Does the description disclose side effects, auth requirements, rate limits, or destructive behavior?

No annotations are provided, so the description carries the full burden. It discloses key behavioral traits: it processes natural language queries, searches documentation, reasons about relevance, and returns markdown chunks. However, it lacks details on limitations (e.g., search scope, accuracy, rate limits) or output specifics (e.g., format details, error handling). For a tool with no annotations, this is adequate but not comprehensive.

Agents need to know what a tool does to the world before calling it. Descriptions should go beyond structured annotations to explain consequences.

Conciseness4/5

Is the description appropriately sized, front-loaded, and free of redundancy?

The description is appropriately sized and front-loaded with a clear purpose statement. Sections like 'What this does' and 'Perfect for' are well-structured, but some elements (e.g., emojis, bullet points) add minor visual clutter without essential information. Overall, it's efficient with minimal waste, though it could be slightly more streamlined.

Shorter descriptions cost fewer tokens and are easier for agents to parse. Every sentence should earn its place.

Completeness4/5

Given the tool's complexity, does the description cover enough for an agent to succeed on first attempt?

Given the tool's complexity (natural language search with reasoning) and lack of annotations/output schema, the description is reasonably complete. It covers purpose, usage, parameters, and behavioral aspects. However, it could improve by addressing potential limitations or output details more explicitly, which would enhance completeness for a tool with no structured support.

Complex tools with many parameters or behaviors need more documentation. Simple tools need less. This dimension scales expectations accordingly.

Parameters4/5

Does the description clarify parameter syntax, constraints, interactions, or defaults beyond what the schema provides?

The input schema has 100% description coverage, with the query parameter well-documented. The description adds value by elaborating on the parameter's semantics: it emphasizes natural language usage, provides intent detection context, and gives concrete examples ('building an integration', 'OAuth setup'). This goes beyond the schema's basic description, though it doesn't introduce new parameter details.

Input schemas describe structure but not intent. Descriptions should explain non-obvious parameter relationships and valid value ranges.

Purpose5/5

Does the description clearly state what the tool does and how it differs from similar tools?

The description clearly states the tool's purpose with specific verbs ('finds', 'searches', 'detects', 'reasons about') and resources ('Ramp API documentation', 'documentation and guides').

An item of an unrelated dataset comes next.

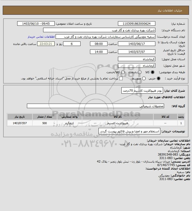 | 1 | -- | هیپوکلریت کلسیم | کیلوگرم | 500 | 1403/07/07 |
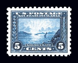 485 og 403 image#403, 5c Panama-Pacific, perf. 10, extraordinarily well centered within especially large margins, incredibly vivid color and a prooflike impression on immaculate white paper, o.g., faintly hinged, extremely fine; a stamp with great eye appeal; 2003 PF certificate and a 2002 PSE certificate (XF-Superb 95). (Image) $175.00

It distinguishes itself from sibling tools like get_endpoint_schema (which likely retrieves schema details) and ping/submit_feedback (which are unrelated to documentation search). The title 'SMART DOCUMENTATION SEARCH' reinforces this specificity.

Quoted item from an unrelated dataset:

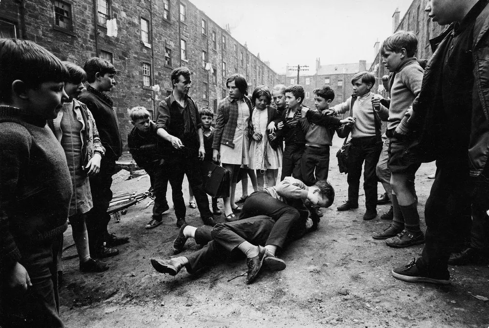 Street fighting in the Gorbals in Glasgow, a port city on the River Clyde in Scotland's western Lowlands on May 18, 1968. (Photo by David Newell-Smith/GNM Archive/The Observer/The Guardian)
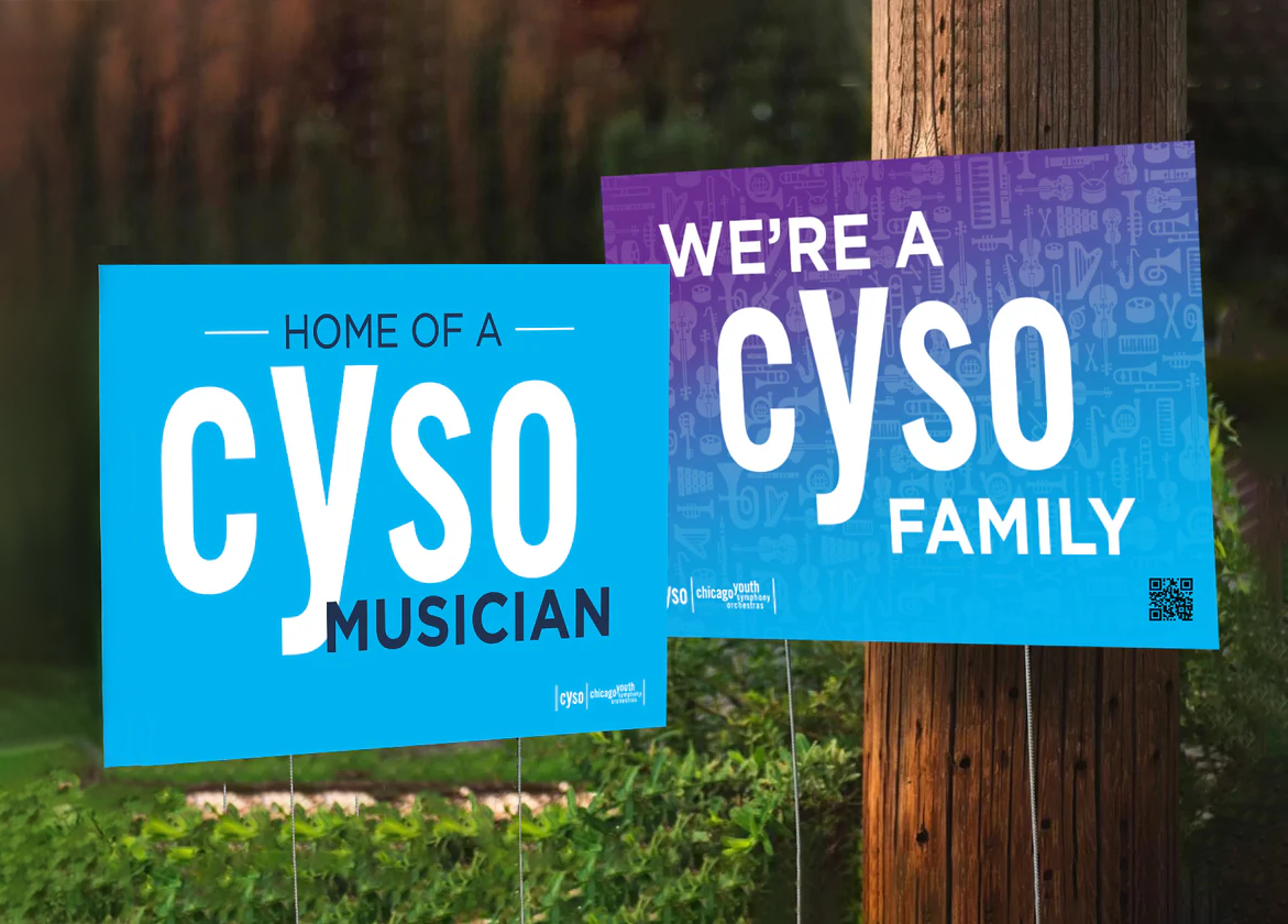 As Director of Marketing for Chicago Youth Symphony Orchestras, I had the opportunity to design many different items for both retail and promotional purposes. I designed dozens of products for the CYSO online store, including yard signs, embroidered patches, knit hats, and felt pennants. For events and tabling displays, I created promotional items such standing and table signage, and stickers. One of the most popular items I introduced were one-inch buttons featuring the faces of CYSO conductors that proved very popular with students! In all the products I produced, I prioritized using high-quality products and worked with local and sustainable printers whenever possible.

Agents choose between tools based on descriptions. A clear purpose with a specific verb and resource helps agents select the right tool.

Usage Guidelines5/5

Does the description explain when to use this tool, when not to, or what alternatives exist?

The description provides explicit guidance on when to use this tool through the 'Perfect for' section, listing specific scenarios like authentication, API workflows, examples, and troubleshooting. It also distinguishes usage from alternatives by implying this is for natural language queries about documentation, unlike get_endpoint_schema which might handle structured schema retrieval. The 'Usage' section reinforces this with examples.

Agents often have multiple tools that could apply. Explicit usage guidance like "use X instead of Y when Z" prevents misuse.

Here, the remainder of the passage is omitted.